## Task prompt
Would you reproduce each line below exactly, leaving every picture out?

• • •

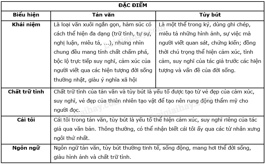Tóm tắt các đặc điểm của thể loại tản văn, tùy bút mà em đã học.
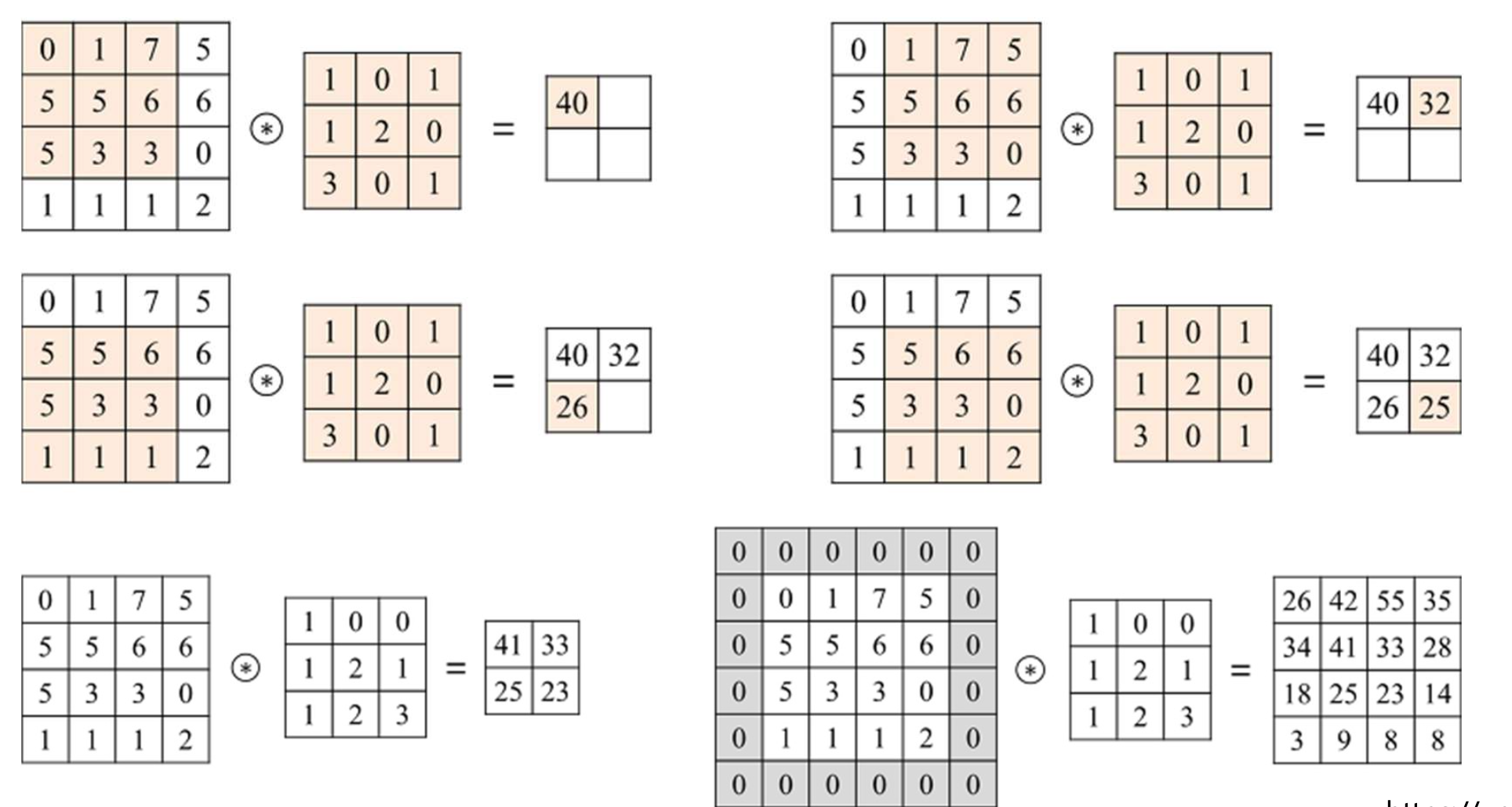 아래 예시처럼 4x4 결과를 가지기 위해 input 이미지에 padding을 붙일 수 있다.
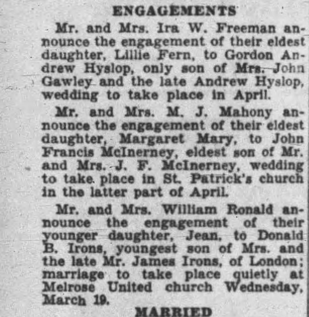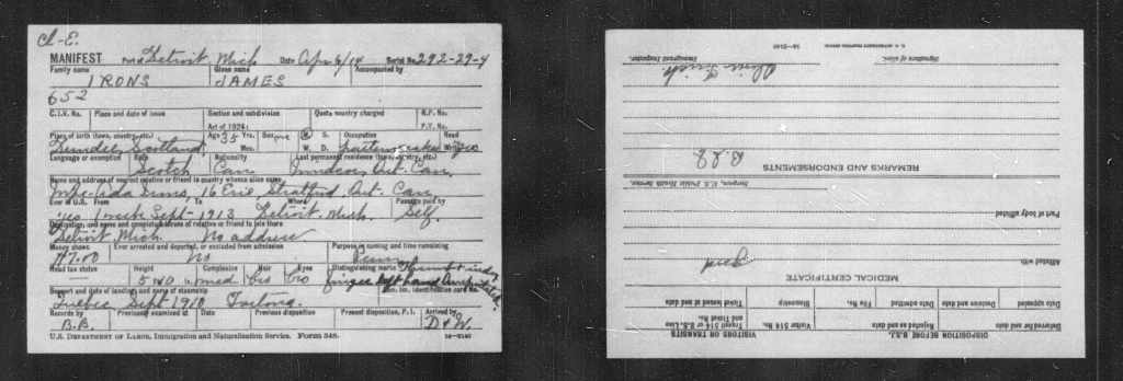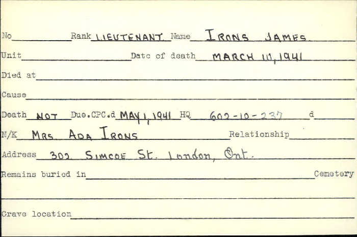 Family Search: Lieutenant James Irons was born on 2 July 1878, in Dundee, Scotland, United Kingdom. He married Ada Farrow on 9 October 1899, in West Ham, Essex, England, United Kingdom. They were the parents of at least 2 sons and 2 daughters. He immigrated to Canada in 1913 and lived in Leyton, Essex, England, United Kingdom in 1901 and London, Ontario, Canada in 1914. He registered for military service in 1914. In 1914, at the age of 36, his occupation is listed as carpenter in London, Ontario, Canada. He died on 10 March 1941, in London, Ontario, Canada West, British Colonial America, at the age of 62, and was buried in Woodland Cemetery, London, Ontario, Canada.
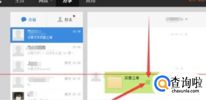 在与好友聊天记录中找到你想下载的文件点击下载标号即可,如图所示,这样文件就下载下来啦。
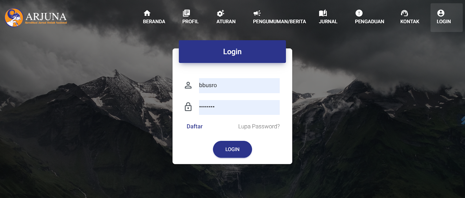 Langkah 1: Login ke ARJUNA

• • •

## Reply to the task
Tóm tắt các đặc điểm của thể loại tản văn, tùy bút mà em đã học.
 아래 예시처럼 4x4 결과를 가지기 위해 input 이미지에 padding을 붙일 수 있다.
 Family Search: Lieutenant James Irons was born on 2 July 1878, in Dundee, Scotland, United Kingdom. He married Ada Farrow on 9 October 1899, in West Ham, Essex, England, United Kingdom. They were the parents of at least 2 sons and 2 daughters. He immigrated to Canada in 1913 and lived in Leyton, Essex, England, United Kingdom in 1901 and London, Ontario, Canada in 1914. He registered for military service in 1914. In 1914, at the age of 36, his occupation is listed as carpenter in London, Ontario, Canada. He died on 10 March 1941, in London, Ontario, Canada West, British Colonial America, at the age of 62, and was buried in Woodland Cemetery, London, Ontario, Canada.
 在与好友聊天记录中找到你想下载的文件点击下载标号即可,如图所示,这样文件就下载下来啦。
 Langkah 1: Login ke ARJUNA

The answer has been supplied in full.